Asking abortion opponents to help fund abortions “is a violation of the very essence of freedom of conscience,” Smith said. If such a thing happens, he added, “I’m sure there will be some Southern Baptists who will seriously contemplate some form of civil disobedience.”
An estimated 1.5 million abortions are performed each year in the United States. Two-thirds of private insurance plans now cover abortions, according to the Alan Guttmacher Institute, a New York-based research group that supports abortion rights.
The federal Medicaid program has not paid for the abortions of poor women, except in extreme circumstances, since 1977. Thirteen states, including New Jersey, do provide funding.
Health-care reform could nullify the restriction. Under President Clinton’s plan, all women would be offered a benefits package that would include abortion. Employers also would be required to help pay for abortion services by providing insurance for their workers.
The cost of abortion represents a tiny portion of health-care spending. Even if taxpayers paid for every abortion in the United States, the cost would amount to $1 out of every $4,000 in the federal budget. Yet there are few more emotional issues in the health-care debate.
“It had to be included,” said Laurence O’Connell, head of a think tank in Chicago called the Park Ridge Center for Health, Faith, and Ethics. But O’Connell, who served on a working group for the President’s health-care package, understands the fixation with the question of abortion.
“It goes to the very heart of what people sense is human,” he said.
To feminists, any health-care plan worthy of the name must include abortion services and help for women who cannot afford to end an unwanted pregnancy.
Since an early-term abortion can cost more than $250, or most of a poor family’s monthly welfare allotment, about 20,000 Medicaid-eligible poor women now carry unwanted pregnancies to term each year, said Rachel Gold, a policy analyst with the Guttmacher Institute.

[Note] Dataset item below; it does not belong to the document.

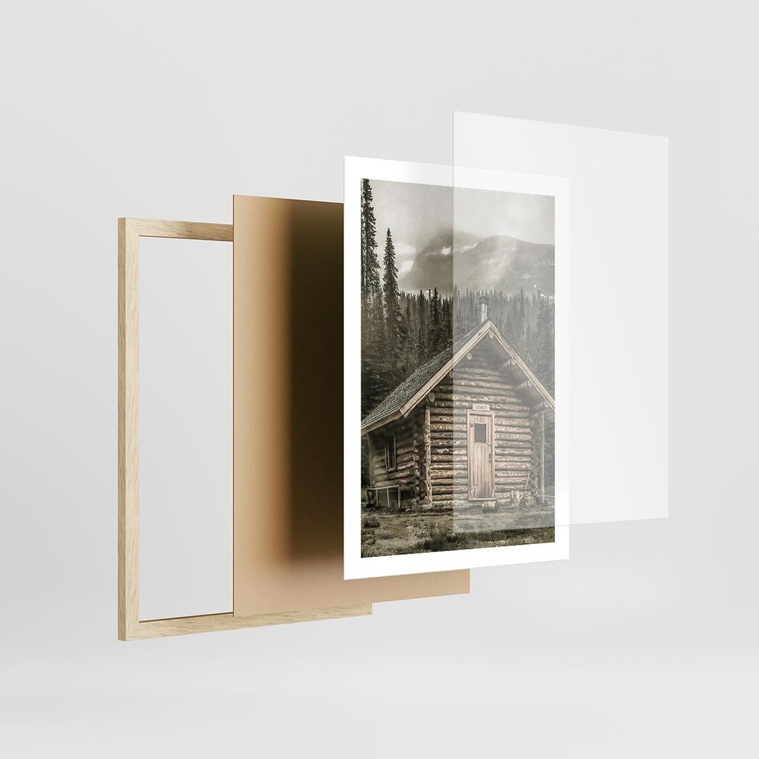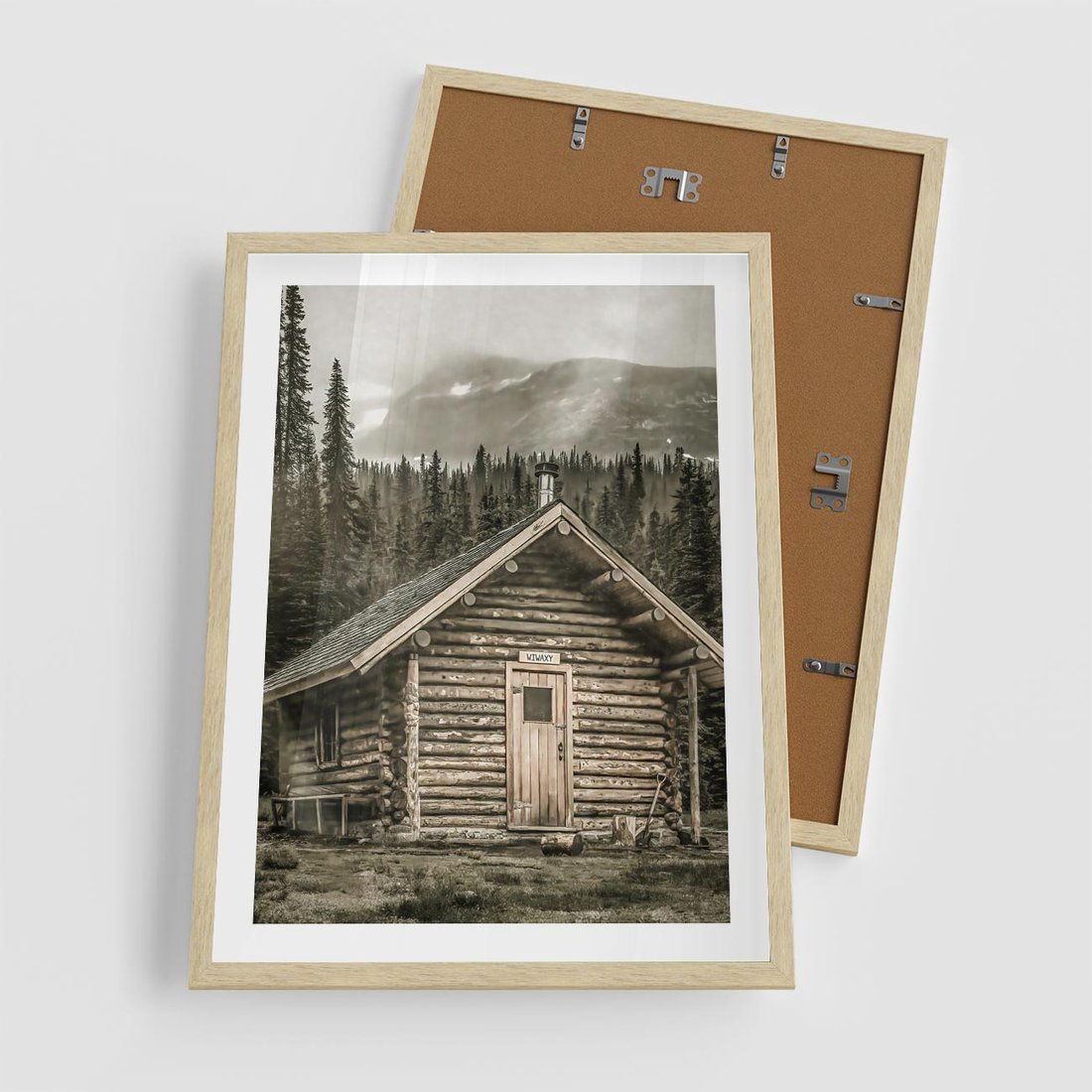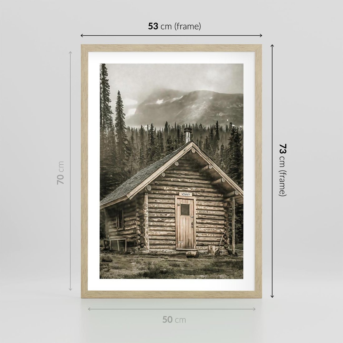 - Plakat w ramie 50x70 - Urok Drewnianej Chatki w Górach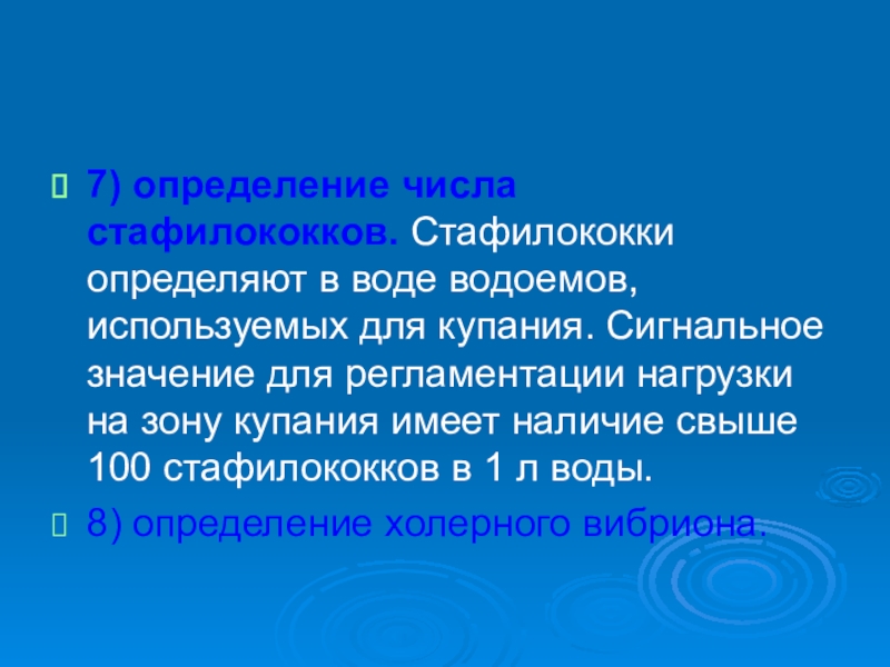 Слайд 97) определение числа стафилококков. Стафилококки определяют в воде водоемов, используемых для

Protesters may talk about tax resistance, said Marcy Wilder, legal director of the National Abortion and Reproductive Rights Action League. But the issue to her is really about women and who has power over their bodies.
“We don’t think a small group of anti-abortion activists should be able to deny coverage for abortion services to all women in America,” she said.
Jeannie Rosoff, president of the Guttmacher Institute, said abortion opponents already were helping to pay for abortions through private insurance plans.
“If you belong to an HMO that covers 100,000 people, your money goes into a pool and you are paying for other people’s abortions now,” Rosoff said.
But a government using public funds to guarantee access to abortion would cross a terrible line, according to Steven McFarland, director of the conservative Christian Legal Society’s Center for Law and Religious Freedom. His employer has chosen an HMO with strict limits on abortion coverage. He said he feared that government mandates would take away that choice.
In levying taxes, he wondered, “isn’t there a place for respecting issues that are life-and-death issues?”
He said he recognized the potential for havoc that tax resistance has.
“Can a free society afford to give exemptions on the basis of religious conviction? Think about the implications.”
Yet in McFarland’s internal debate between conscience and practicality, his conscience gets the last word.
“Somebody’s just as dead whether I pulled the trigger or wrote a check to the government that pays for someone to pull the vacuum extractor. That child or Viet Cong is still dead.”
For his part, Bishop Balke uses Thoreau to explain his position. Refusing to pay a poll tax as a protest against slavery, Thoreau asked, “Is there not a sort of bloodshed when the conscience is wounded?”
Another version of this article quotes Balke saying: “No health-care plan worthy of that name can include abortion. I’m withholding my taxes if it comes to that. I have no illusion it will stop one abortion. I’ll do it on principle and to make a moral statement about the horror of abortion.”